| EXERCISE INSTRUCTIONS |
In the entries below, begin at the line with "玉質,玉質瑩潤。鉤作龍首形,背有凸起方形" and stop after the line with "因為GPU沒有運作,只能測試純CPU速度。Raspberry Pi 5搭載的是ARM架構的Broadcom"; output those lines exactly and omit the pictures.

===== EXTRACTED ENTRIES

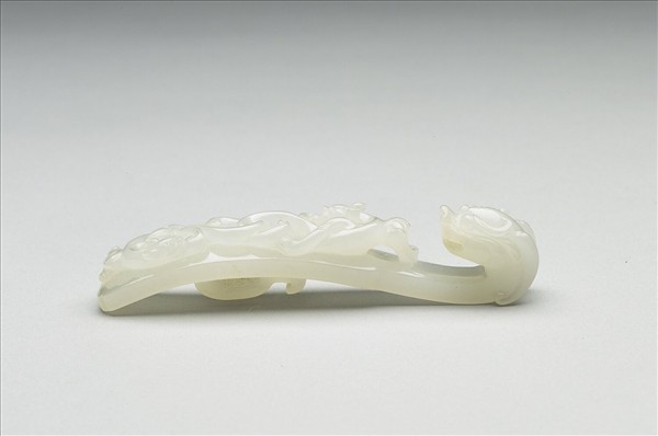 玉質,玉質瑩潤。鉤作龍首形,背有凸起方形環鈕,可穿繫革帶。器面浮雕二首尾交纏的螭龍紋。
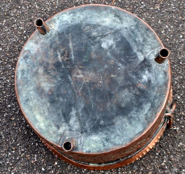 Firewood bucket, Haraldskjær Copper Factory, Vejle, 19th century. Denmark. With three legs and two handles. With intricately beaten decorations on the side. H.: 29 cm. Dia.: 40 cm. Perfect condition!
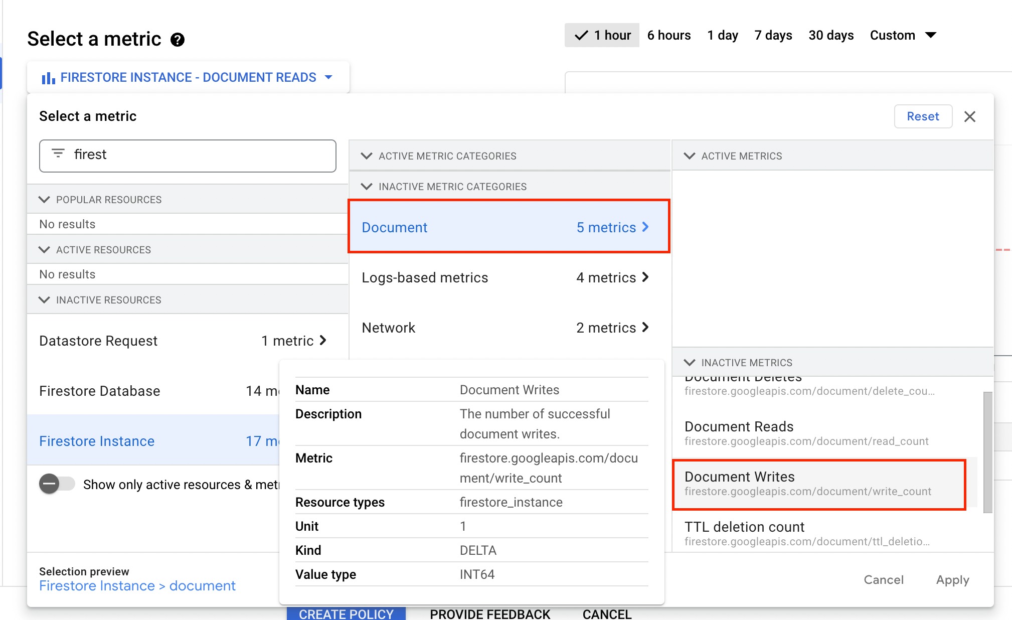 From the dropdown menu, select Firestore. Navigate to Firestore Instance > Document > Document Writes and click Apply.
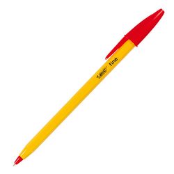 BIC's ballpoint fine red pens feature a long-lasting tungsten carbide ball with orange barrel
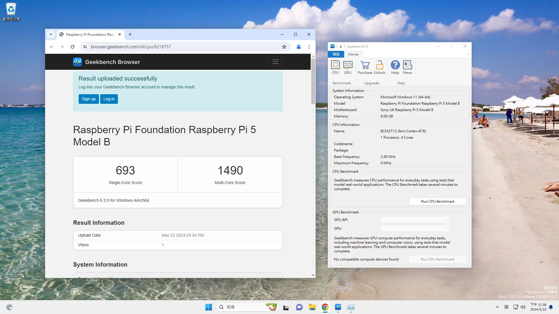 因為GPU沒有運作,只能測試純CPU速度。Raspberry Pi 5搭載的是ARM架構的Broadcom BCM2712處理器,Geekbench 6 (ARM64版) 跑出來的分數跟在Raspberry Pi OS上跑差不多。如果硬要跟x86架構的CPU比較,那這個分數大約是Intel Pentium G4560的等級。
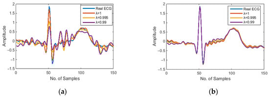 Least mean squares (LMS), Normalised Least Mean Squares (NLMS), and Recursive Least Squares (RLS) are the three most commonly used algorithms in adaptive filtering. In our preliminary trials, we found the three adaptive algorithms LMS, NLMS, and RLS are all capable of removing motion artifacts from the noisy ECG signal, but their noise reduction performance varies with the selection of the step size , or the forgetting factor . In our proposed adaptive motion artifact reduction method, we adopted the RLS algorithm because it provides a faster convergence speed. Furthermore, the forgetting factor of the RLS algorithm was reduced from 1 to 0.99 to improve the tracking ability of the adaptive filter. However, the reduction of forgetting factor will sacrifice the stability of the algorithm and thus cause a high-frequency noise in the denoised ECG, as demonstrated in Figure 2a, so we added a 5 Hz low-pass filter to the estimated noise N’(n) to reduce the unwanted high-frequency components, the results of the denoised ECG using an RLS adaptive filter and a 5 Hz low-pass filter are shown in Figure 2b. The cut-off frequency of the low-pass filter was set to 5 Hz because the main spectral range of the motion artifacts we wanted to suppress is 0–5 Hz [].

==========
===== EXTRACTED ENTRIES

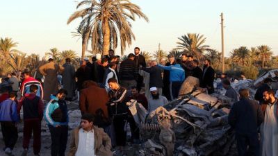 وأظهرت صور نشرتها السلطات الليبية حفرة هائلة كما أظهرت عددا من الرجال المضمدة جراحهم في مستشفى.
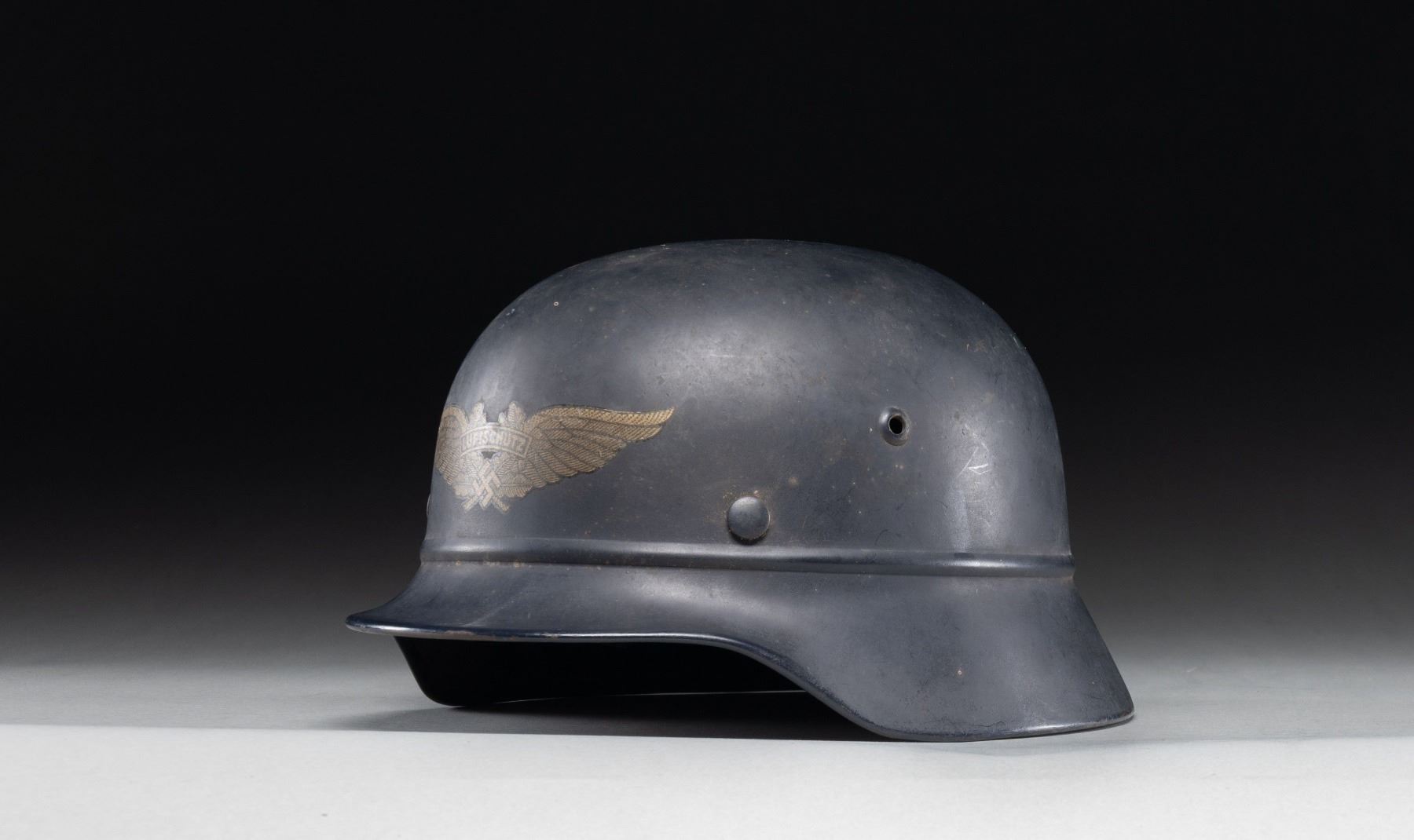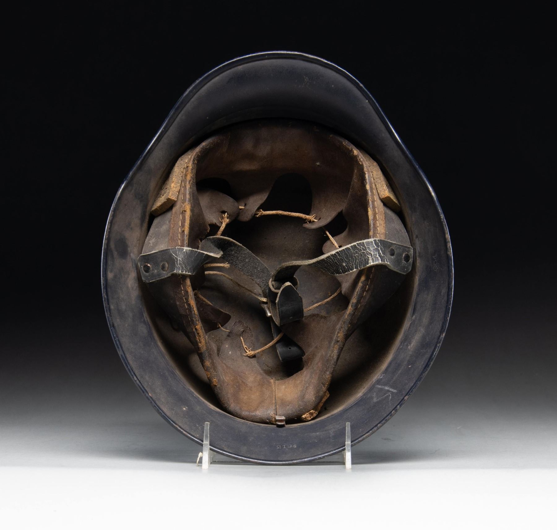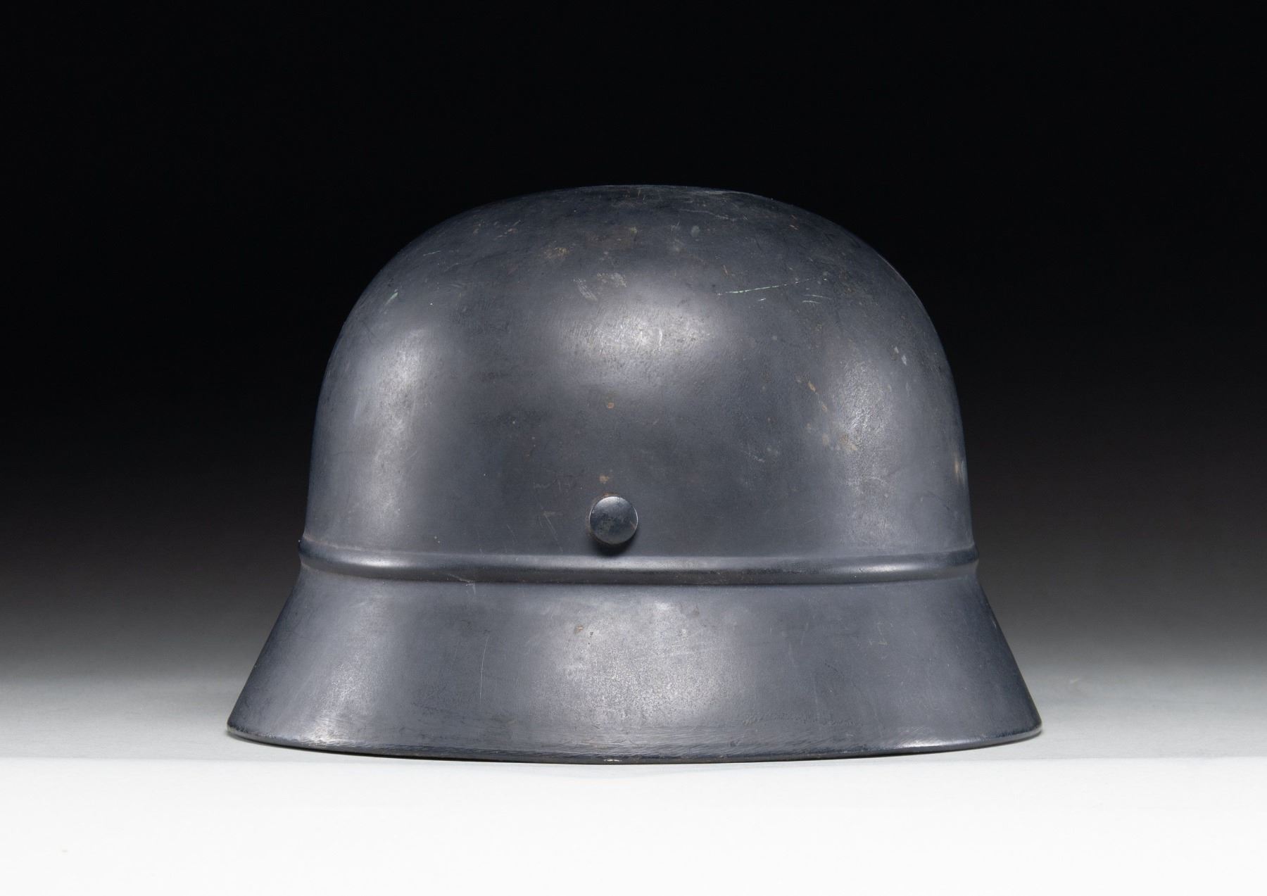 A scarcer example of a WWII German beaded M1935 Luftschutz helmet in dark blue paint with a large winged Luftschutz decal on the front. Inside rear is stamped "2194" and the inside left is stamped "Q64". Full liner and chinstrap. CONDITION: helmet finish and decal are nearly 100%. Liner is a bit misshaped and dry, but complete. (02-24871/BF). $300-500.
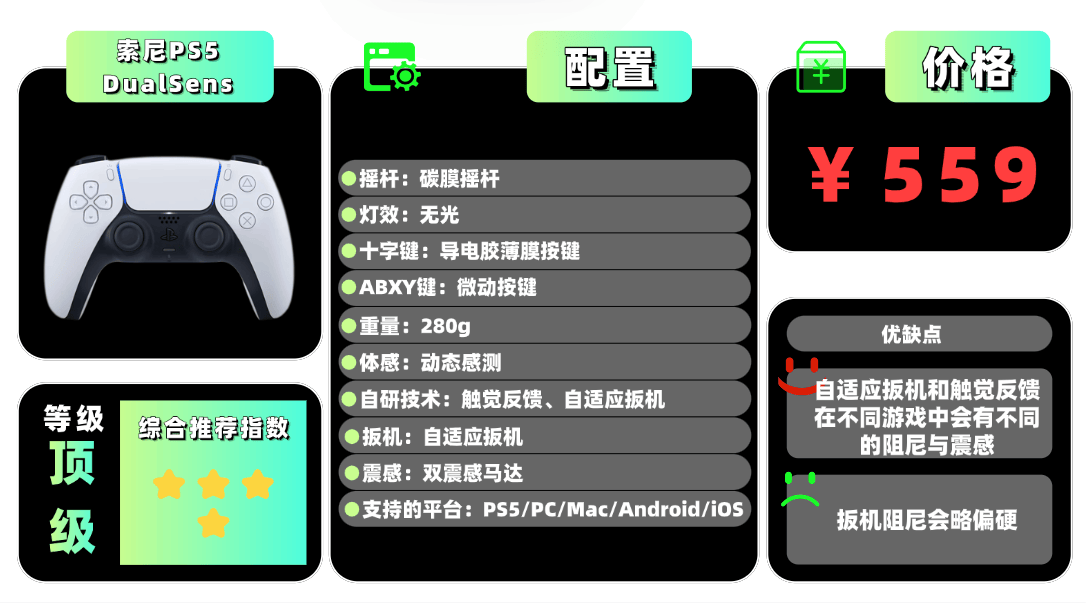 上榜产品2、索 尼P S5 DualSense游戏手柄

==========
===== EXTRACTED ENTRIES

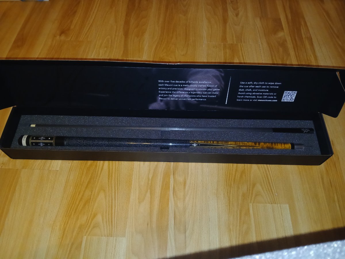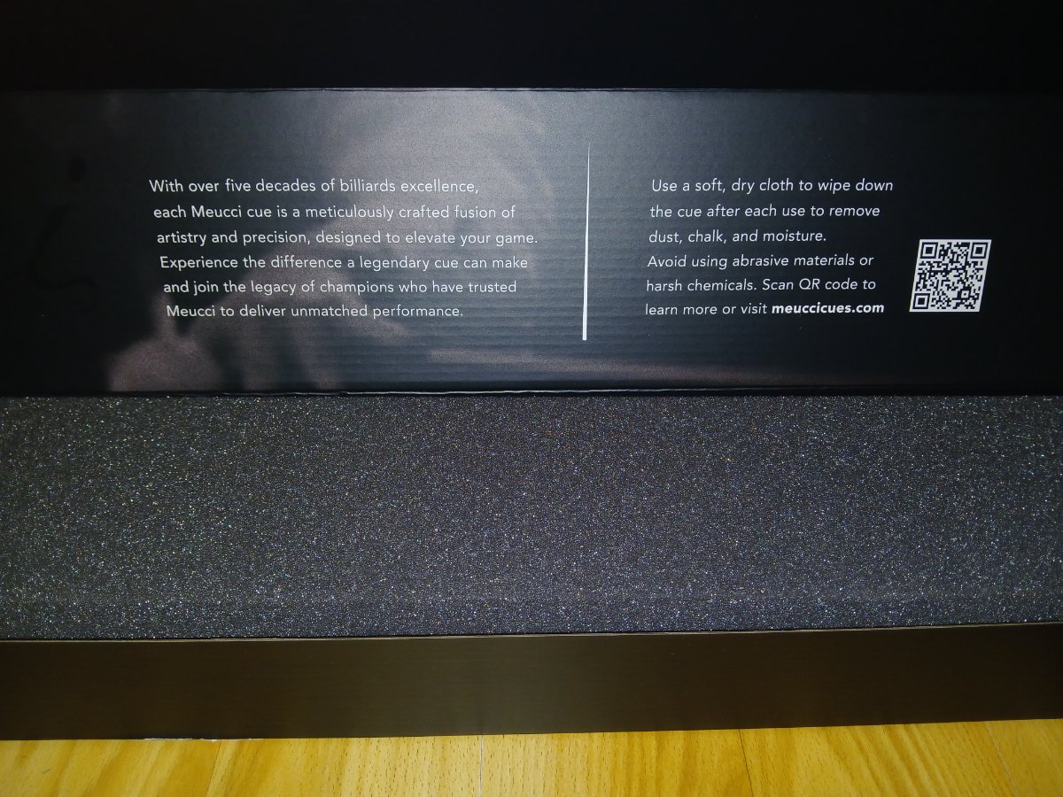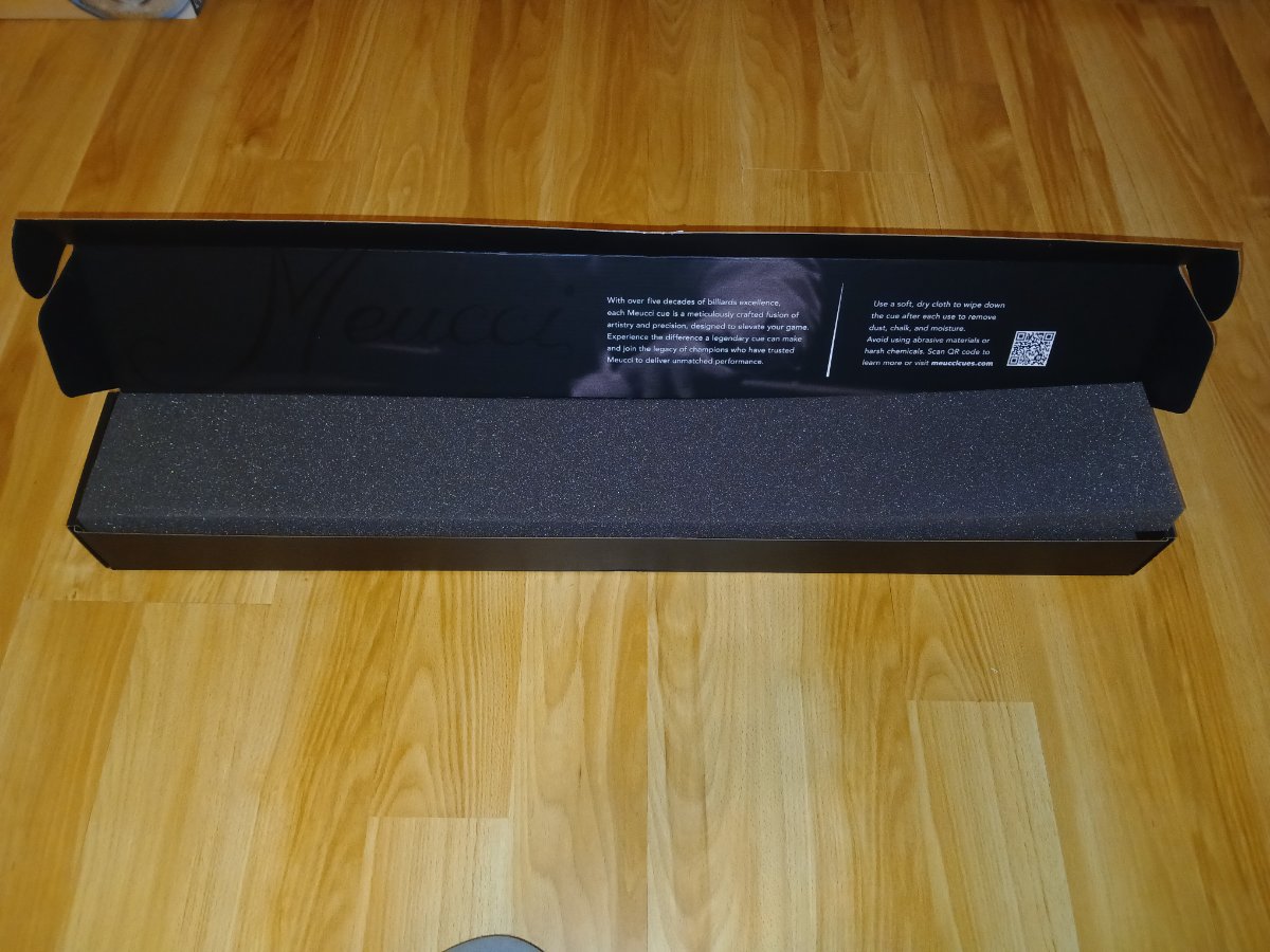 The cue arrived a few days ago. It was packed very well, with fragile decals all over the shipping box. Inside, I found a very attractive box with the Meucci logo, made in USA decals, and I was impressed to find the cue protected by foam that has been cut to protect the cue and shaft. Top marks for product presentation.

==========

| RESPONSE AREA |
 玉質,玉質瑩潤。鉤作龍首形,背有凸起方形環鈕,可穿繫革帶。器面浮雕二首尾交纏的螭龍紋。
 Firewood bucket, Haraldskjær Copper Factory, Vejle, 19th century. Denmark. With three legs and two handles. With intricately beaten decorations on the side. H.: 29 cm. Dia.: 40 cm. Perfect condition!
 From the dropdown menu, select Firestore. Navigate to Firestore Instance > Document > Document Writes and click Apply.
 BIC's ballpoint fine red pens feature a long-lasting tungsten carbide ball with orange barrel
 因為GPU沒有運作,只能測試純CPU速度。Raspberry Pi 5搭載的是ARM架構的Broadcom BCM2712處理器,Geekbench 6 (ARM64版) 跑出來的分數跟在Raspberry Pi OS上跑差不多。如果硬要跟x86架構的CPU比較,那這個分數大約是Intel Pentium G4560的等級。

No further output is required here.